(Beginning of LISTED ENTRIES)

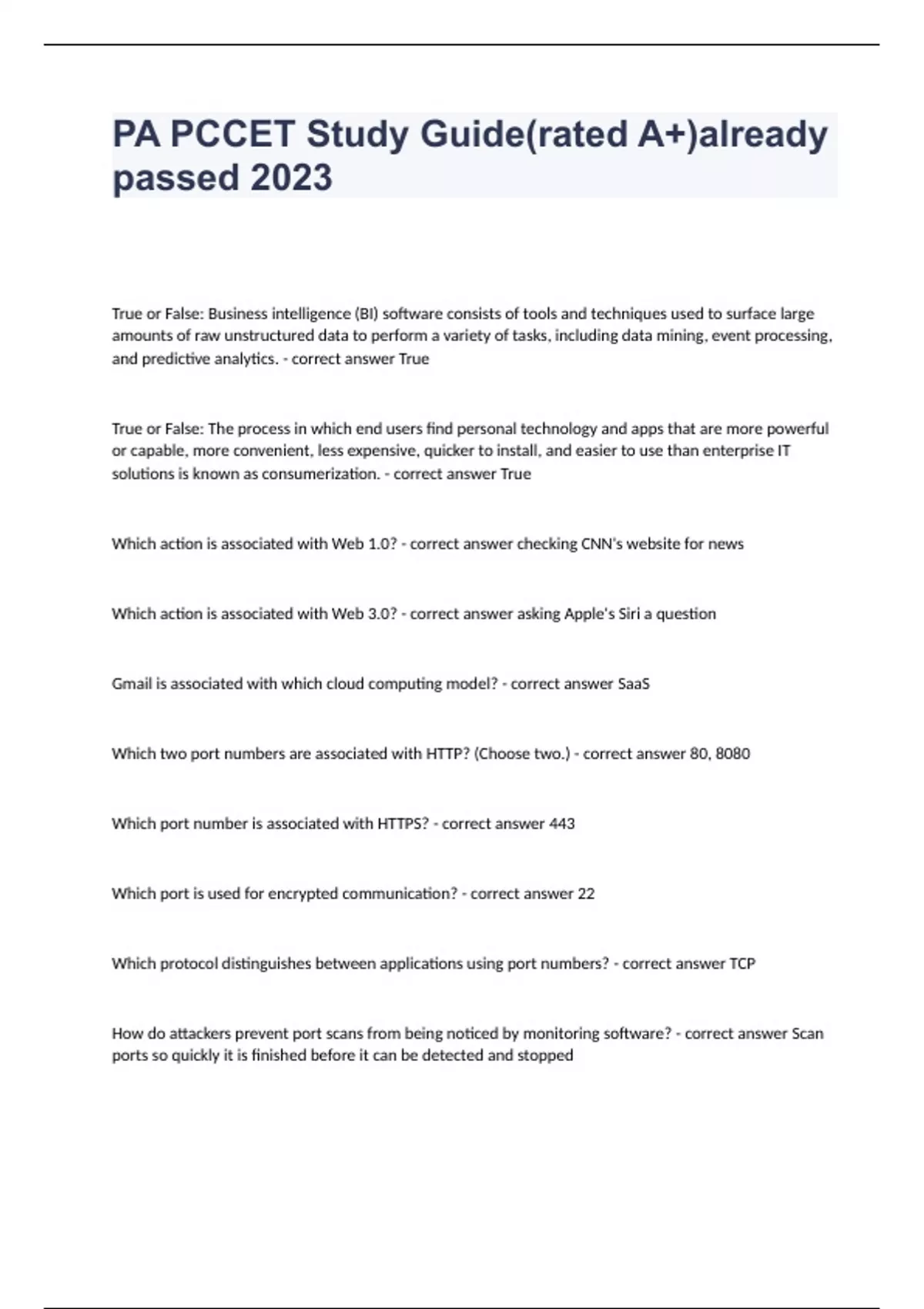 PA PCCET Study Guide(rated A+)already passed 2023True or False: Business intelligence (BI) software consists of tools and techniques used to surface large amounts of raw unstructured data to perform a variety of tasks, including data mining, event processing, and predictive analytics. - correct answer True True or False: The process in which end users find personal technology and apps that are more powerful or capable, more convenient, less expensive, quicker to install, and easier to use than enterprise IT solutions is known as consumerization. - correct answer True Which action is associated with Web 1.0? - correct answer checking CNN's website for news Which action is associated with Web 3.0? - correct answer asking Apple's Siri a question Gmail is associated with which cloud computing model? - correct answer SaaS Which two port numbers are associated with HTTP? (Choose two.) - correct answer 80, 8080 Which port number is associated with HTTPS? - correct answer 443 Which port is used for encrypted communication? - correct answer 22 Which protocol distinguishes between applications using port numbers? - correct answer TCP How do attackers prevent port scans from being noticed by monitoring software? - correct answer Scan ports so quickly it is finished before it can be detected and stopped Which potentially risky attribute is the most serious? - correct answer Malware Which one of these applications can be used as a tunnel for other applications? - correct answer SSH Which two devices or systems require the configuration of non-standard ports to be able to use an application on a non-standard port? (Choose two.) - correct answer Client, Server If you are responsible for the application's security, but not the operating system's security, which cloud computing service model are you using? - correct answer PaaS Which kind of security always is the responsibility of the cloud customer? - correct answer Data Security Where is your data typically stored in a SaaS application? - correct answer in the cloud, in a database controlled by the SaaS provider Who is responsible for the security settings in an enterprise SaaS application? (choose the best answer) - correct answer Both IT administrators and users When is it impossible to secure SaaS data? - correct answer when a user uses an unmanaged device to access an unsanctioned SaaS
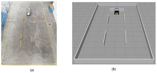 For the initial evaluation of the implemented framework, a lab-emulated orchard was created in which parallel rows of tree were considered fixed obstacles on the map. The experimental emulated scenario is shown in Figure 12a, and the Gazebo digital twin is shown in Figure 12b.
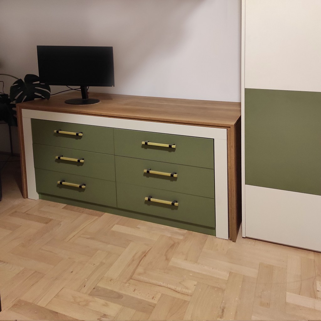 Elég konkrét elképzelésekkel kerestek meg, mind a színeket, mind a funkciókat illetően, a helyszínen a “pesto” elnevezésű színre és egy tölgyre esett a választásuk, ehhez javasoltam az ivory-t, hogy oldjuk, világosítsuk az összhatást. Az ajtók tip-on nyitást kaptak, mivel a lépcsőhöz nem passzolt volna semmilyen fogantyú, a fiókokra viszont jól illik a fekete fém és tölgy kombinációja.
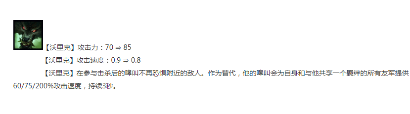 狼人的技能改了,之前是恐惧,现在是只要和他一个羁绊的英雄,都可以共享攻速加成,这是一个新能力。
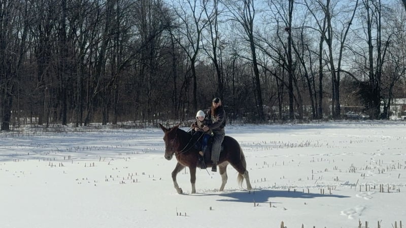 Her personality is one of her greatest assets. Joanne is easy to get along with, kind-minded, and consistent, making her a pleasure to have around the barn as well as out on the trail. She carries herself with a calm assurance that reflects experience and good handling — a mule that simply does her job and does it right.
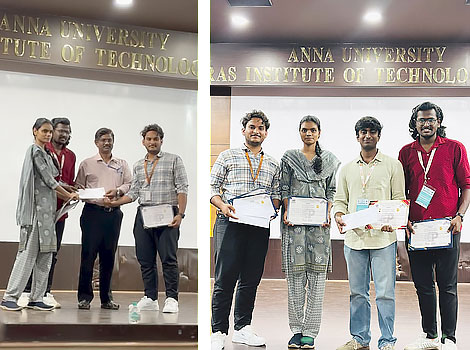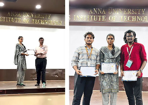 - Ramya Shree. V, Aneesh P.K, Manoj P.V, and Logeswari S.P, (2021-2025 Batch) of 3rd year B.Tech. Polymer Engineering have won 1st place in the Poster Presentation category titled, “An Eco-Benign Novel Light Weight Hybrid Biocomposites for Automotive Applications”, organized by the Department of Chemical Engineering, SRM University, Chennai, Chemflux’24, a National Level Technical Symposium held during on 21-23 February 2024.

(End of LISTED ENTRIES)

§ **YOUR INSTRUCTIONS**
Reproduce precisely the lines of the entries above, from the one containing "Her personality is" through the final one, both ends included, and omit the pictures.

§ **WRITTEN ANSWER**
 Her personality is one of her greatest assets. Joanne is easy to get along with, kind-minded, and consistent, making her a pleasure to have around the barn as well as out on the trail. She carries herself with a calm assurance that reflects experience and good handling — a mule that simply does her job and does it right.
 - Ramya Shree. V, Aneesh P.K, Manoj P.V, and Logeswari S.P, (2021-2025 Batch) of 3rd year B.Tech. Polymer Engineering have won 1st place in the Poster Presentation category titled, “An Eco-Benign Novel Light Weight Hybrid Biocomposites for Automotive Applications”, organized by the Department of Chemical Engineering, SRM University, Chennai, Chemflux’24, a National Level Technical Symposium held during on 21-23 February 2024.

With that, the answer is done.